RND: Resonance on the Dancefloor

31st Jan 2026 31st Jan 2026 14:00 15:30

Angus Tarnawsky, Ana Rita Costa, Gabriele Murano

00:00

daadgalerie

Free entry

2

The Research Networking Day is an exchange platform for graduate or postgraduate students – as well as independent artists conducting self-guided research – traversing the fields of music, sound, arts, media, design, and related theoretical disciplines.

Module 2 is hosted by Anita Jóri (Leuphana University Lüneburg).

Dub Navigation (no.1): Sonic Encounters on the Lee Navigation

Angus Tarnawsky (PhD candidate, Concordia University)

Over the past year, I have developed a field recording practice in and around the Lee Navigation (a canal in East London). I have mostly been »listening-with« the acoustic environment using hydrophones (for underwater sounds) and contact mics (for sensing vibrations as they travel through physical objects).

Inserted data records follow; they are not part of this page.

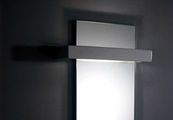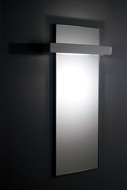 Mirror with aluminium frame. Complementary white ceramic lamp can be added to the mirror.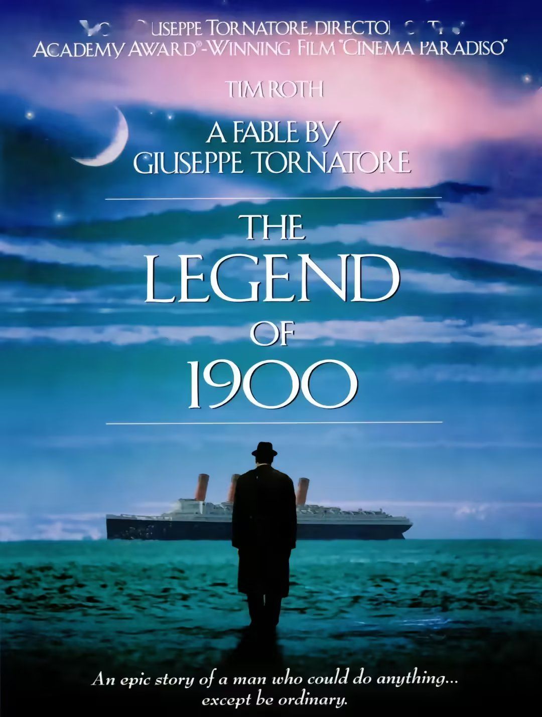 1900年的第一天,往返于欧美两地的邮轮Virginian号上,负责邮轮上添加煤炭的工人丹尼·博德曼(比尔·努恩饰)在头等舱上欲捡拾有钱人残留下来的事物时,却意外的在钢琴上发现一个被遗弃的新生儿,装在TD牌柠檬的空纸箱内。由于坚信“TD”正代表了Thanks Danny的缩写,于是丹尼不顾其他工人的嘲笑,独立抚育这个婴儿,并为了纪念这特别的一天,将他取名为:1900。 海上出生的1900(蒂姆·罗斯饰),在陆地上却是个从未存在的人,没有亲人、没有户籍,也没有国籍,大海便是他的摇篮,而他也随着Virginian号往返靠泊各个码头,逐渐长大。然而好景不常,一次的海上意外事件,造成抚养1900的丹尼意外丧生,幸而奇迹似的,某天深夜船上的众人被优美的琴声所惊醒,循着琴声而往,居然是无师自通的1900在钢琴前忘我的演奏着,动人的旋律打动了众人,从此,1900展开了在海上弹奏钢琴的旅程,也吸引了愈来愈多慕名而来的旅客。 马克斯(普路特·泰勒·文斯饰)在因缘际会下来到Virginian号加入乐队伴奏,也因此见识到这位传说中的海上钢琴师1900,两人因此结为好友。而1900在与发明爵士乐的传奇钢琴手杰利同船竞技钢琴琴艺之后,声势更是如日中天。但尽管马克斯再三鼓励1900下船去向全世界展露他的天赋,1900却始终未曾踏足陆地一步。直到他在为唱片公司录制个人专辑时,意外见到船舱之外清秀动人的女孩,并在感动之余创作了《1900's Theme》。随着女孩的下船离去,1900的心开始波动 。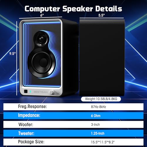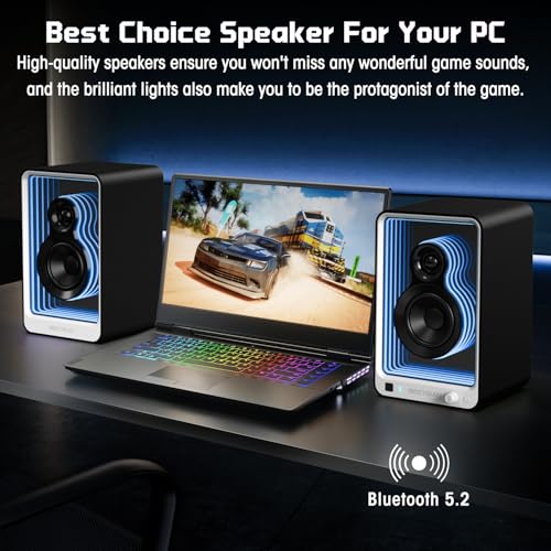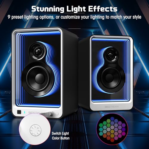 BESTISAN 50W*2 Active Bookshelf Speakers with Dynamic Light Effect, 3″ Bass Computer Speakers with ARC/Optical/RCA/BT 5.2/USB/SUB Out Input for Turntable, PC, TV and Phone.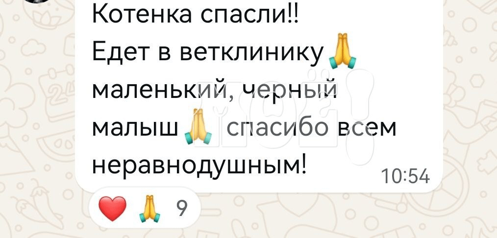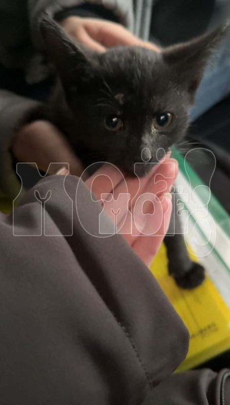 Котёнка спасли сотрудники УК. Сейчас его везут в ветклинику. Для малыша уже нашёлся хозяин.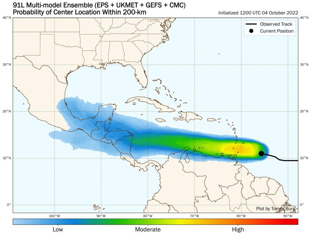 El Centro Nacional de Huracanes de la Oficina Nacional de Administración Oceánica y Atmosférica (NHC-NOAA) estima una probabilidad de que esta onda se convierta en una depresión tropical en 70 % en el transcurso de los próximos dos días y del 90 % en los próximos cinco días.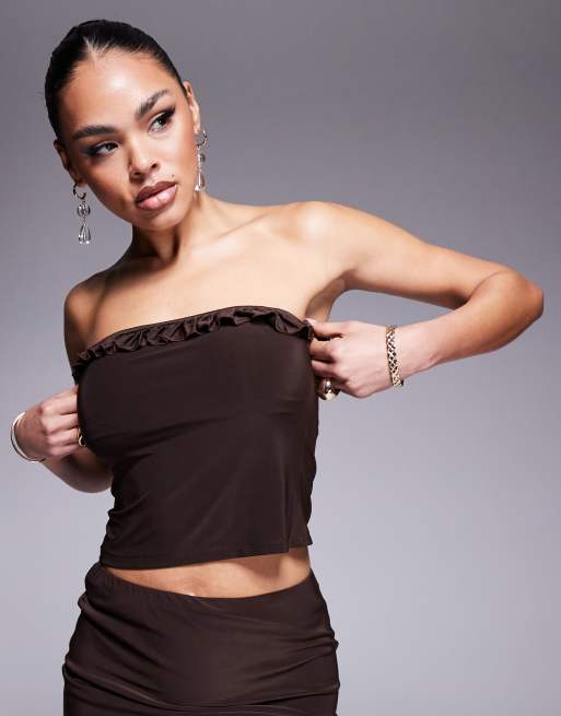 ASOS DESIGN – Anschmiegsames, trägerloses Oberteil in Braun mit Rüschenbesatz, Kombiteil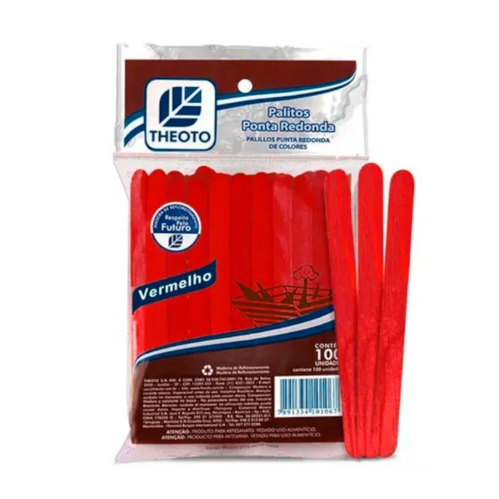 Conjunto com 100 palitos de picolé na cor vermelha, ideais para trabalhos criativos, decoração e confeitaria.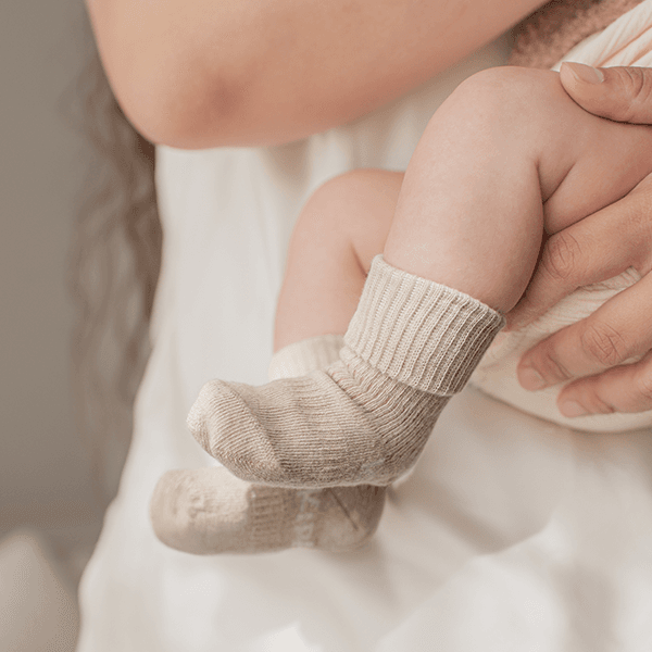 Those are the Stay-on-Socks from KipKep. Thanks to the special knitted-in “stay-on-zones,” the socks stay in place much better than other baby socks. The “stay-on-zones” are two elastic bands that are applied around the instep and above the heel, something you see a lot in sports socks as well. The socks also have a flat toe seam that does not irritate.

These listening devices have worked to shift my attention toward a range of not-so-obvious sonic moments that occur as part of everyday life along the canal. 

In particular, the rhythmic qualities of the sonic (inter)actions that I encountered while listening underwater grabbed my attention and reminded me of the playful world of »dub« developed initially by a range of Jamaican studio producers in the 1960s and 1970s. A dub mix relies on experimental sonic processes, and serves as a B-side that counters the A-side (or main mix) of a recorded audio release. This shift is achieved by bringing attention to particular aspects of an existing recording — often things that are less prominent — through unexpected re-arrangements of sections and dramatic spatial treatments, along with a pronounced emphasis on bass frequencies. 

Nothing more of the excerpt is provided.